Friday, March 16, 2018

Do Auditors Prevent Fraud by Firms? It Depends

The relationship between an auditor and the audited firm has always been interesting. Auditors are supposed to check the firm’s financial accounts and approve them, which lets others such as investors and the state know that the firm is not misrepresenting any information. They have some other duties as well, but you could say that auditors save the investors from seeing artificially high profits and the taxman from seeing artificially low profits. So who hires the auditor, the investors or the state? The firm does. That’s why it gets interesting, because it means that the auditor is implicitly hired to keep the firm within the rules for investors and the state while serving the interests of its management.

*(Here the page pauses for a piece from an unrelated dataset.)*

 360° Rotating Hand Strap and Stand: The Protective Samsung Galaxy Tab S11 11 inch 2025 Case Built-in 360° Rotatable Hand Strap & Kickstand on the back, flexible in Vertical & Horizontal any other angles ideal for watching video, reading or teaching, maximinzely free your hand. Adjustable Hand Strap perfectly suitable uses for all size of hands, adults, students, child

In a recent paper in Administrative Science Quarterly, Aharon Mohliver looks at an even more interesting part of this relationship by doing research on the role that auditors played in first condoning, then spreading, and finally extinguishing a questionable practice firms began to use when changes in the tax code affected their ability to pay managers above a $1 million cap without subjecting them to significant tax liabilities. At first the practice was questionable but not illegal, and auditors in some local offices helped their client firms start using it. The findings tell a very informative story of how auditors pay close attention to the interests of the managers who hire them, and also to the fine line between legal and illegal.

The questionable practice is called stock-option backdating. Stock options are often given to managers because they let managers earn higher income if the value of the firm increases, and to make them fair they are often given (for free, of course) at the exact value of the firm on the day they are given. In MBA-speak, those options have upside potential, no downside potential, and are incentive compatible. In plainer words, they reward managers for effective management but don’t punish failure. Firms report the costs of stock options as compensation expenses.

What I just explained is a regular stock option, without backdating. A backdated stock option looks just the same, but in reality it has been assigned an earlier formal date than when it was given, and that formal date somehow turns out to be a day just before the firm had a big increase in value. Through what seems like a very lucky dating of the option, the managers getting the backdated stock option earn significant sums of money not taxed as regular income. Backdated stocks are a trick for compensating managers at the expense of investors. They are a form of fraud, and though they were unethical from the start, initially there were no laws or rules against backdating so they were not yet illegal. (There were no rules because no one making rules had thought of backdating stock options.)

So the auditors stepped in. They spread knowledge of backdating from one client to the next, especially if clients were part of their local and dense communication networks. They were also sensitive to lawmakers, however, so this spreading of backdating was strongest when the uncertainty about the legality of backdating was greatest. When it became more certain that backdating would be made illegal, the auditors stopped spreading the backdating trick, and when it actually became illegal they stopped its use in the firms that had already started using backdating. So, auditors follow written law very well, are neutral to law that will soon happen, and are willing to help management profit from legally questionable conduct. Nice to know if you happen to be a manager, investor, or lawmaker. If you are an auditor you probably know it already.

Mohliver, A. How Misconduct Spreads: Auditors’ Role in the Diffusion of Stock-option Backdating. Administrative Science Quarterly, forthcoming.